John D. Barrow
The Origin of the Universe

The first couple of chapters in The Origin of the Universe were quite promising. I thought I'd finally found a book that will help clear up some of the confusions and misunderstandings I had when I read A Brief History of Time : From the Big Bang to Black Holes. The rest of the book though was more difficult to understand than Hawking. There are bits and pieces that were very interesting and thought-provoking, but a large portion went over my head. Without a background in physics and/or astro-physics, other readers may have the same opinion.

The cosmological discoveries of the past century are remarkable. It's difficult, after reading Barrow, to think that we will ever have 'all the answers' or be able to say we have the answer to the beginning of the universe and what (if anything) was here before with a great degree of confidence. Given the rapid progress made over the past few hundred years though, it is also easy to be somewhat optimistic that the level of knowledge and cumulation of evidence will continue to build as they have recently.

It would be nice if all the knowledge out there could be understood by non-professionals, but as Barrow alludes, the concepts are almost impossible to fully grasp without the mathematical and other cosmological models which are already under the professionals' belts. This was supposed to be a book for beginners, but after reading it, I don't think I count as one.
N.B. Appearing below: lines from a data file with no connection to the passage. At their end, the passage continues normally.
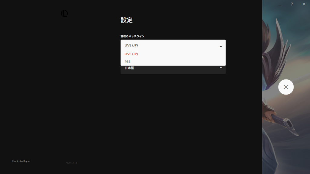 インストールがしっかり完了すれば、サインインにある設定からパッチラインを今のパッチかPBEか選択が可能です。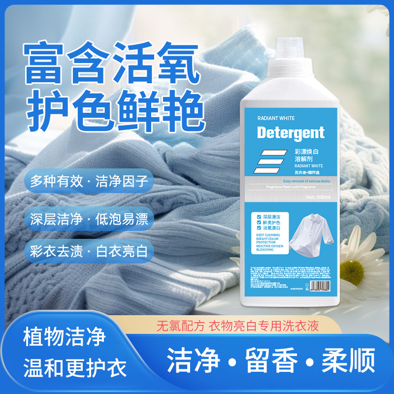 色とりどりの白い溶解液の衣類は汚れを落として黄色の明るい白を取り除きます。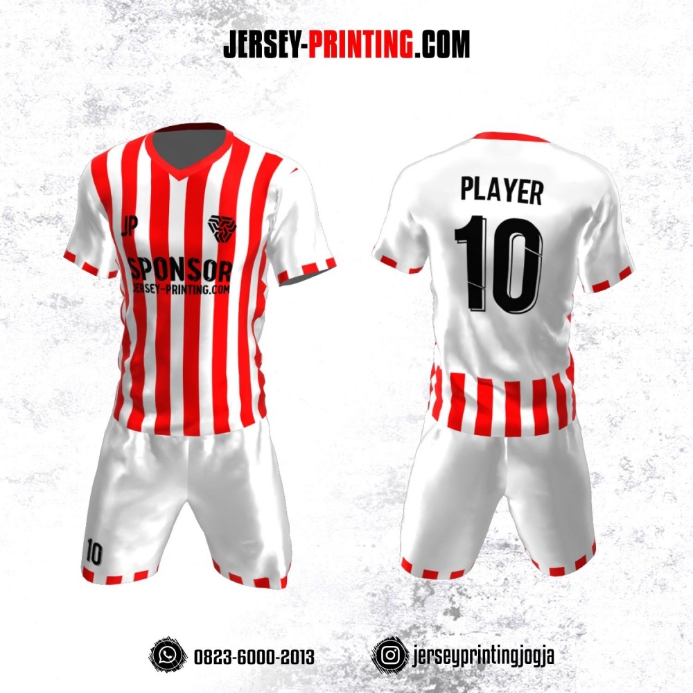 Jersey Futsal Putih Motif Stripe Merah

The possibility of making a really lay-audience friendly book on the subject doesn't seem likely. There are some excellent points to ponder, but don't count on complete comprehension.


from the publisher:
There is no more profound, enduring, or fascinating question in all of science than that of how time, space, and matter began. Now John Barrow, who has been at the cutting edge of research in this area and has written extensively about it, guides readers on a journey to the beginning of time, into a world of temperatures and densities so high that we cannot re-create them in the laboratory. With new insights, he draws us into the latest speculative theories about the nature of time and the inflationary universe, explains wormholes, showing how they bear upon the fact of our own existence, and considers whether there was a singularity at the inception of the universe.
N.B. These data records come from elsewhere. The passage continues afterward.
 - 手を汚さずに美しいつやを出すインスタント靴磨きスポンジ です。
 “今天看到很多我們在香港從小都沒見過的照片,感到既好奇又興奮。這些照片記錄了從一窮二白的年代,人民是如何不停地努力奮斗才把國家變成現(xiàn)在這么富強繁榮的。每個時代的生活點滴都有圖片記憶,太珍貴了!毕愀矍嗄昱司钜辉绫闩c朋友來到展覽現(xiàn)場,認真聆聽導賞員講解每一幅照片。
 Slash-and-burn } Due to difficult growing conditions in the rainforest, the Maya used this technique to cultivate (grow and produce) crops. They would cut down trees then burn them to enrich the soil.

Here is a treatment so up-to-date and intellectually rich, dealing with ideas and speculation at the farthest frontier of science, that neither novice nor expert will want to miss what Barrow has to say. He shows how scientists, by exploring crucial points of contact between the behavior of matter during its early history and the observed structure of the universe today, came to understand more fully all the entities in the universe from elementary particles to great clusters of galaxies.